Are we commoditising Neurodiversity in the Workplace?

In recent years, neurodiversity has become a buzzword within the business world. Although companies are increasingly looking to recruit members of the neurodivergent community, it is unclear if we are truly building an inclusive workforce.

“… the unemployment rate for neurodivergent adults is three times the rate for people with a disability and eight times the rate for non-disabled adults.”1

The rates of unemployment amongst the neurodivergent community are undoubtedly high; however, current efforts to address this risk commoditising neurodivergent individuals.

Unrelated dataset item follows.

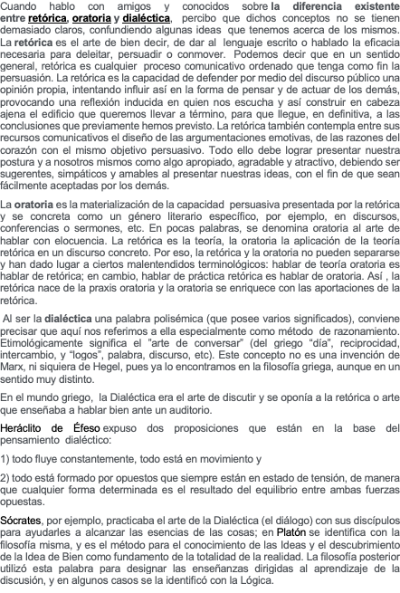 Cuando hablo con amigos y conocidos sobre la diferencia existente entre retórica, oratoria y dialéctica, percibo que dichos conceptos no se tienen demasiado claros, confundiendo algunas ideas que tenemos acerca de los mismos. La retórica es el arte de bien decir, de dar al lenguaje escrito o hablado la eficacia necesaria para deleitar, persuadir o conmover. Podemos decir que en un sentido general, retórica es cualquier proceso comunicativo ordenado que tenga como fin la persuasión. La retórica es la capacidad de defender por medio del discurso público una opinión propia, intentando influir así en la forma de pensar y de actuar de los demás, provocando una reflexión inducida en quien nos escucha y así construir en cabeza ajena el edificio que queremos llevar a término, para que llegue, en definitiva, a las conclusiones que previamente hemos previsto. La retórica también contempla entre sus recursos comunicativos el diseño de las argumentaciones emotivas, de las razones del corazón con el mismo objetivo persuasivo. Todo ello debe lograr presentar nuestra postura y a nosotros mismos como algo apropiado, agradable y atractivo, debiendo ser sugerentes, simpáticos y amables al presentar nuestras ideas, con el fin de que sean fácilmente aceptadas por los demás. La oratoria es la materialización de la capacidad persuasiva presentada por la retórica y se concreta como un género literario específico, por ejemplo, en discursos, conferencias o sermones, etc. En pocas palabras, se denomina oratoria al arte de hablar con elocuencia. La retórica es la teoría, la oratoria la aplicación de la teoría retórica en un discurso concreto. Por eso, la retórica y la oratoria no pueden separarse y han dado lugar a ciertos malentendidos terminológicos: hablar de teoría oratoria es hablar de retórica; en cambio, hablar de práctica retórica es hablar de oratoria. Así , la retórica nace de la praxis oratoria y la oratoria se enriquece con las aportaciones de la retórica. Al ser la dialéctica una palabra polisémica (que posee varios significados), conviene precisar que aquí nos referimos a ella especialmente como método de razonamiento. Etimológicamente significa el ”arte de conversar” (del griego “día”, reciprocidad, intercambio, y “logos”, palabra, discurso, etc). Este concepto no es una invención de Marx, ni siquiera de Hegel, pues ya lo encontramos en la filosofía griega, aunque en un sentido muy distinto. En el mundo griego, la Dialéctica era el arte de discutir y se oponía a la retórica o arte que enseñaba a hablar bien ante un auditorio. Heráclito de Éfeso expuso dos proposiciones que están en la base del pensamiento dialéctico: 1) todo fluye constantemente, todo está en movimiento y 2) todo está formado por opuestos que siempre están en estado de tensión, de manera que cualquier forma determinada es el resultado del equilibrio entre ambas fuerzas opuestas. Sócrates, por ejemplo, practicaba el arte de la Dialéctica (el diálogo) con sus discípulos para ayudarles a alcanzar las esencias de las cosas; en Platón se identifica con la filosofía misma, y es el método para el conocimiento de las Ideas y el descubrimiento de la Idea de Bien como fundamento de la totalidad de la realidad. La filosofía posterior utilizó esta palabra para designar las enseñanzas dirigidas al aprendizaje de la discusión, y en algunos casos se la identificó con la Lógica. En Marx, la dialéctica designa tanto el proceso peculiar con el que se desenvuelve la sociedad a lo largo de su propia historia, como el modo en que se debe pensar para captar adecuadamente dicho proceso. Finalmente, según Hegel, la dialéctica afirma que cada pensamiento, cada idea y cada situación en el mundo tiene un contrario, y que la unión con él forma un todo mayor y más complejo. Hegel siguió la tradición que procede de Heráclito (hacia el 500 a. C.), quién veía todo como un producto de un proceso del que surge el progreso de la historia. Como ninguna situación puede continuar indefinidamente, y cada situación contiene elementos que entran en conflicto, el cambio es continuo. El proceso de cambio es la dialéctica.

Neurodivergent ‘superpowers’ are touted as justification for making workplaces more neurodivergent-friendly. Whilst it is true that many neurodivergent individuals display ‘spiky profiles’, in which they demonstrate above average abilities within specific areas, removing barriers to employment should not require justification and is a moral responsibility. This also places undue pressure on neurodivergent individuals to excel beyond their neurotypical colleagues, when they already face the additional burdens of tackling barriers at both work and home. For example, autistic individuals are more likely to die prematurely.2 Furthermore, studies suggest that as many as 70% of autistic children and 80% of autistic adults report at least one mental health condition.3

Please stop putting a price tag on our heads! Value us as people.